◆ Data block

--- START ---

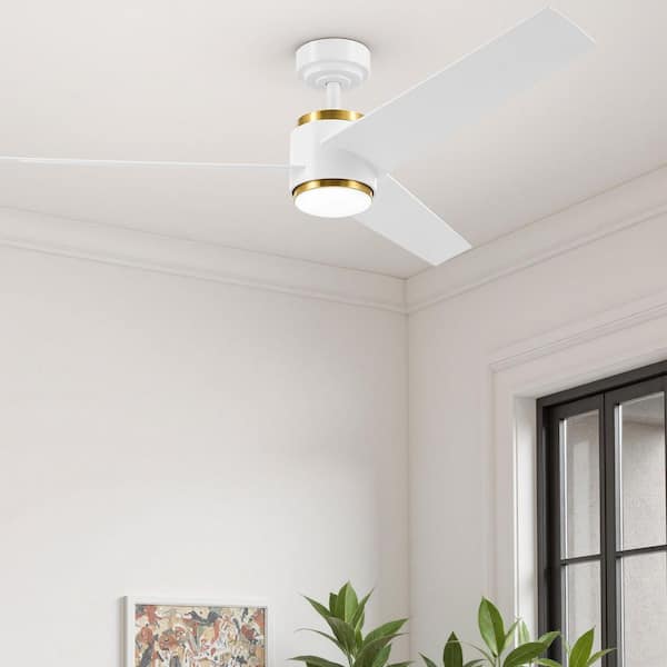 52 in. Indoor Gold White Standard Ceiling Fan with Dimmable 3000-6500K Adjustable White Integrated LED and Remote
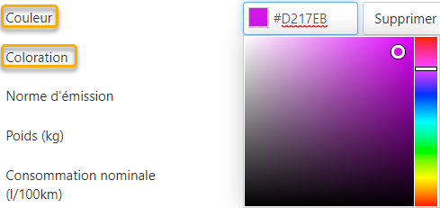 La liste déroulante dans le champ Coloration contient 2 possibilités. Si vous choisissez Icône, le fond blanc de l'icône et du label sera remplacé par la couleur choisie.
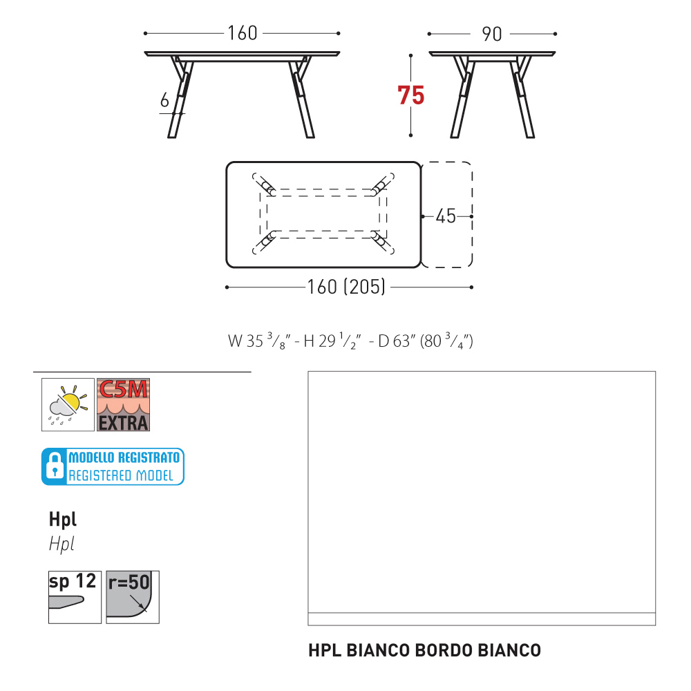 90x160/205x H 73,2 cm - 1 forlængelse på 45 cm

--- END ---

◆ Work item
Copy the listing character for character, pictures omitted.

◆ Answer for this exercise
 52 in. Indoor Gold White Standard Ceiling Fan with Dimmable 3000-6500K Adjustable White Integrated LED and Remote
 La liste déroulante dans le champ Coloration contient 2 possibilités. Si vous choisissez Icône, le fond blanc de l'icône et du label sera remplacé par la couleur choisie.
 90x160/205x H 73,2 cm - 1 forlængelse på 45 cm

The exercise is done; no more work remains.